Je m’appelle Patrick et je suis en vacances pour deux semaines à Bordeaux chez ma tante Véronique très bcbg, sœur de ma mère Anne.

Elle a 42 ans, divorcée, 2 enfants, 1m72 pour 55 kg et moi, 23 ans 1m80 pour 75 kg étudiant.

Depuis son divorce, ma tante étant au chômage a du mal à joindre les 2 bouts. J’ai contacté un ami qui m’a indiqué une sorte de cercle très fermé en Suisse. Nous avons rencontré un père japonais richissime qui a proposé une relation entre son jeune fils vierge et ma tante. Elle a accepté et doit se rendre à Paris dans l’hôtel particulier du japonais, moyennant une somme plus que rondelette.


Suivant mes recommandations, ma tante s’était habillée d’une manière estivale. Elle était vêtue d’un tailleur avec une jupe à hauteur des genoux mettant en valeur la finesse de ses mollets et d’une veste saillante. De couleur beige clair, elle avait assorti l’ensemble d’un chemisier blanc et d’escarpins faisant ressortir ses orteils soignés. Elle dégageait un parfum numéro 5 de la célèbre marque avec un collier platine or. Elle était fin prête avec un petit sac à main qu’elle tenait fermement sur le quai, preuve d’une certaine nervosité. Nous prenions place en première classe et étant cote à côte, nous avions l’occasion d’engager une conversation à loisir. Je ne pus m’empêcher de poser ma main sur la peau soyeuse de sa cuisse, à l’écart des regards indiscrets.


— Bon à midi je mange léger, mais pour l’instant je me sens bien. Dit-elle soulagée de me savoir à ses côtés.

— T’es ravissante.

— Merci quand je pense à hier, tu m’as fait l’amour deux fois dans la soirée et ça n’a pas duré cinq minutes ! Je ne sais pas ce que je t’ai fait mais avec moi tu n’arrêtes pas… Me raconta-t-elle en insistant indirectement sur le fait que je lui plaisais d’une manière peu commune.

— Véronique, si tu pouvais parler d’autre chose. Tu sais fort bien que tu me plais depuis mon adolescence. Je te trouve au top de la beauté et tu sais quoi ? 

— Je t’écoute mais n’insiste pas avec ta main, aujourd’hui j’ai mis une culotte, alors je suis au top de la beauté et ? Me redemanda-t-elle en dissimulant sa joie, sa fierté d’entendre de tels propos.

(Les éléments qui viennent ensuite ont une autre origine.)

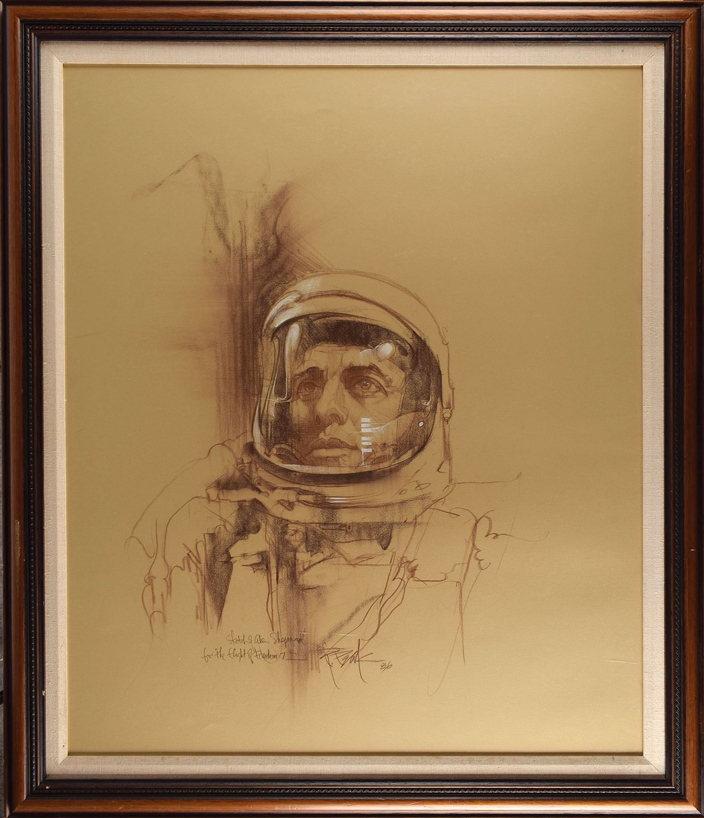 Exquisite original sketch of Alan Shepard in his Project Mercury suit before becoming the first American in space, accomplished in charcoal and chalk on a beige sheet of 29.25 x 35.25 artist's paper by acclaimed American illustrator Bob Peak. Titled, signed, and dated at the bottom in brown charcoal, "Sketch of Alan Shepard for the flight of Freedom 7—R. Peak, 86." Cloth-matted and framed to an overall size of 36 x 42. In fine condition.
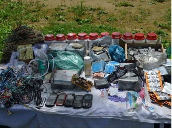Besides detonating material, connecting wires, electric chargers, batteries, mobile phones and remote control activating devices and some items marked with symbols of Pakistan were seized.
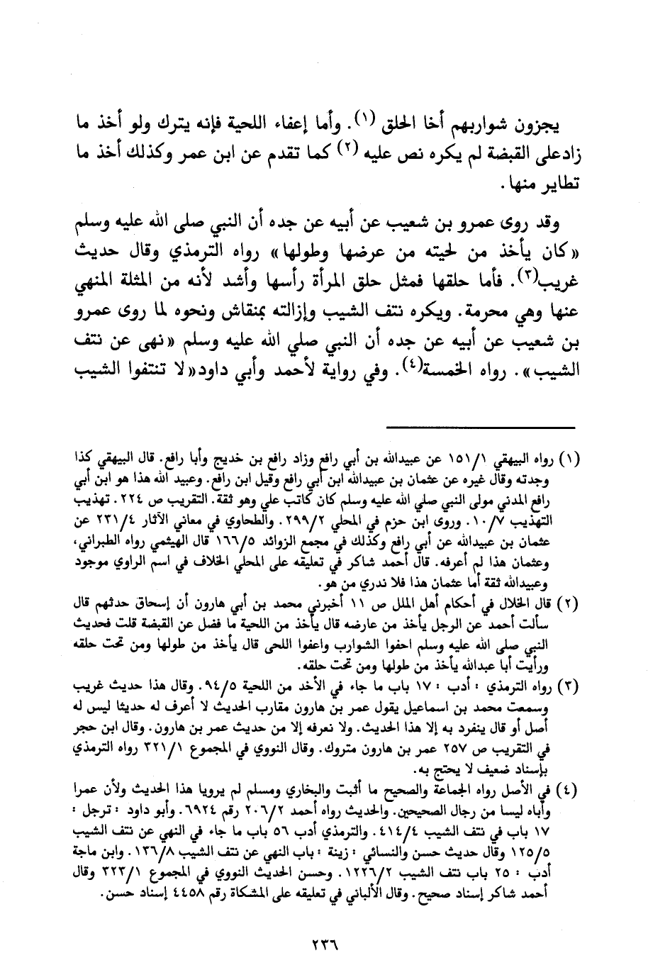 وَقَدْ رَوَى عَمْرُو بْنُ شُعَيْبٍ، عَنْ أَبِيهِ، عَنْ جَدِّهِ أَنَّ النَّبِيَّ صَلَّى اللَّهُ عَلَيْهِ وَسَلَّمَ («كَانَ يَأْخُذُ مِنْ لِحْيَتِهِ مِنْ عَرْضِهَا وَطُولِهَا») رَوَاهُ التِّرْمِذِيُّ، وَقَالَ: حَدِيثٌ غَرِيبٌ، فَأَمَّا حَلْقُهَا فَمِثْلُ حَلْقِ الْمَرْأَةِ رَأْسَهَا وَأَشَدُّ؛ لِأَنَّهُ مِنَ الْمُثْلَةِ الْمَنْهِيِّ عَنْهَا وَهِيَ مُحَرَّمَةٌ، وَيُكْرَهُ نَتْفُ الشَّيْبِ وَإِزَالَتُهُ بِمِنْقَاشٍ وَنَحْوِهِ؛ لِمَا رَوَى عَمْرُو بْنُ شُعَيْبٍ عَنْ أَبِيهِ عَنْ جَدِّهِ أَنَّ النَّبِيَّ صَلَّى اللَّهُ عَلَيْهِ وَسَلَّمَ: («نَهَى عَنْ نَتْفِ الشَّيْبِ») رَوَاهُ الْخَمْسَةُ، وَفِي رِوَايَةٍ لِأَحْمَدَ وَأَبِي دَاوُدَ: («لَا تَنْتِفُوا الشَّيْبَ
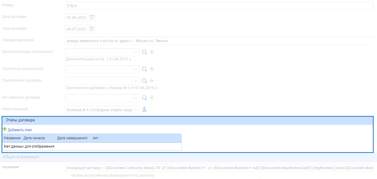 Рис. 1. Карточка договора. Вкладка "Этапы договора"
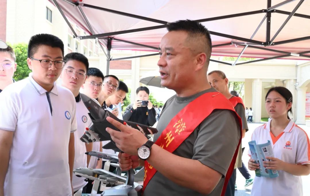 突然,“砰——”的一聲巨響回蕩在空中,瞬間點燃全場氣氛。烈日炎炎,卻絲毫阻擋不了大家的熱情。在軍事體驗區,男女學生們躍躍欲試,輪流肩扛模擬火箭筒進行發射體驗。緊接著,伴隨一陣“嗒嗒嗒”的模擬槍聲,一只機器狗穩健地走入人群,靈活演示多種戰術動作,立刻成為全場焦點。同學們紛紛好奇地圍上前去,伸手觸摸機器狗的“手”和“腳”,感受科技賦能國防的獨特魅力。 “我剛才模擬了中國軍人打槍的環境,我拿了95式步槍,我覺得它很重,我體會到了軍人的艱辛與不易。作為一名新時代青少年,我應該認真學習,扛起新時代國家的重任?!备咭恍聦W黃靖航感慨道。
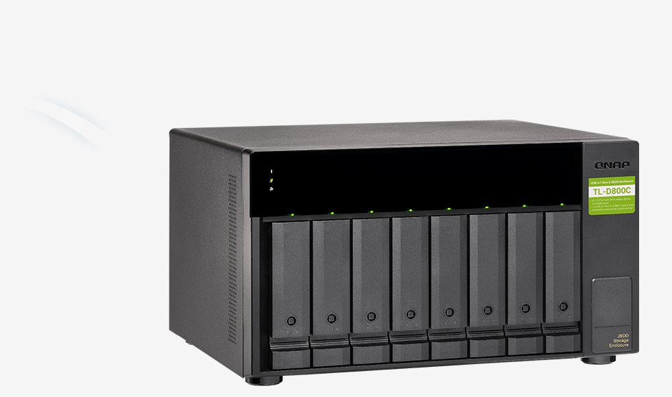 桌上型 TL-D800C JBOD 存储扩充设备为您提供备份或扩充 Windows®、Linux® 计算机与服务器的新选择。TL-D800C 拥有 8 个 SATA 6Gb/s 硬盘插槽,支持 3.5 英寸/2.5 英寸 SATA硬盘或 SSD,大容量适合内容创作者存储大量素材,快速扩充 PC 容量!USB 3.2 Gen2 Type-C 接口的 10Gbps 高速传输速度能让您的存储与备份更加流畅快速,USB 为目前巿场上使用率较高的传输接口,通用性搭配免工具即插即用的特性,让您拥有简单又弹性的容量扩充体验。

— Euh… T’es mon idéal féminin. T’es belle, grande, bien foutue avec une belle paire de nichons et un cul…Je n’en parle même pas quant à ta bouche, tes yeux bleus…

— Arrête Patrick…

— Quoi je dis des conneries ? En balayant ma main sur la peau de velours de l’intérieur de sa cuisse.

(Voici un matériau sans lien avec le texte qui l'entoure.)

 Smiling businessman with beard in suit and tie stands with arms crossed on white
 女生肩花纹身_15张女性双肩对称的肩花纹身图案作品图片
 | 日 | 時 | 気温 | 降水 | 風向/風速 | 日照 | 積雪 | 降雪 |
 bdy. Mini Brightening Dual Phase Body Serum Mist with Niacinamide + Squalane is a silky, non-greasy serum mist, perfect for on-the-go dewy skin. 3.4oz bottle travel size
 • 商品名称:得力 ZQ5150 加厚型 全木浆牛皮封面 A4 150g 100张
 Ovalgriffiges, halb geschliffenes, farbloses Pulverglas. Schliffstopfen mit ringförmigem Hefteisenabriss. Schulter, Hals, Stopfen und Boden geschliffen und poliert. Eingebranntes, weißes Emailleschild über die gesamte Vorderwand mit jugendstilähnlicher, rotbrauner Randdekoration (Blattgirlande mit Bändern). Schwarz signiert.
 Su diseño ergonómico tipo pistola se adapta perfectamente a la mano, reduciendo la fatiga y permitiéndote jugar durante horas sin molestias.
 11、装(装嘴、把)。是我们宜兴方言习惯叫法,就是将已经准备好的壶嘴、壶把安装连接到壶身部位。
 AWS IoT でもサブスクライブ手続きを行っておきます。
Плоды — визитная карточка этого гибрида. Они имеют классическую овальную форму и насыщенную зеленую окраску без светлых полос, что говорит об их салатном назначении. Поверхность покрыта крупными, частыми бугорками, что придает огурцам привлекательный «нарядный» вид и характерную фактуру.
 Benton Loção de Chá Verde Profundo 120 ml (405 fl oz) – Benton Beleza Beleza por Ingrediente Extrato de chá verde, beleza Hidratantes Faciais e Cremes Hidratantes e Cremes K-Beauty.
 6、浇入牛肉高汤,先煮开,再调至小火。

— Non loin de là et c’est bon à entendre mais surveille un peu ton langage quand même. Tu me parles comme si j’étais ta copine. Je reste toujours ta tante même si je dois avouer que tu commences à me connaître par cœur et j’en ai eu la preuve hier soir. Tu me fais très bien l’amour et je préfère ne pas en rajouter tellement c’est exquis.

— Ah si tu peux développer…

— Bah hier tu étais très doux, attentif à moi. Bon c’est un peu gênant de parler de ça mais c’est vrai qu’on fonctionne super bien tous les deux et je te répète encore une fois que je suis ta tante, tu as tendance à l’oublier.

— Ok Tatie chérie !

— Ah fallait que tu me fasses enfin rire. Bon le chauffeur nous cherche, nous déjeunons, ensuite nous allons dans son hôtel particulier et je monte dans la chambre avec le gosse, c’est bien ça ?

— Oui et le gosse s’appelle Ken et même s’il ne fait pas son âge, c’est un puceau de 18 ans et pendant ce temps, je discuterai avec son père monsieur Zusu. Il paraît qu’il est dans les hautes technologies. Je décrocherai peut-être un job à Tokyo !

— Et moi alors ? S’inquiéta-t-elle en me prenant le bras.

— Je t’emmène avec les garçons, allons donc ! Bon on arrive et reste cool.

— T’es un sacré neveu toi ! En me faisant un smack vite fait.

— Et toi t’es bien plus que ma copine…


Ma tante me fit ses yeux de biche et cette fois, à l’abri des regards je lui roulais une telle pelle que je goûtais à la saveur de son rouge à lèvres. J’échangeais sa salive tiède et si elle ne m’avait pas arrêté, j’aurais pu continuer un bon moment. J’étais contraint de m’essuyer et Véro se refaisait une petite beauté en pestant contre moi. J’avais auparavant décliné la proposition de nous faire chercher par le chauffeur, préférant prendre un taxi et déjeuner dans une grande brasserie parisienne près du Trocadéro.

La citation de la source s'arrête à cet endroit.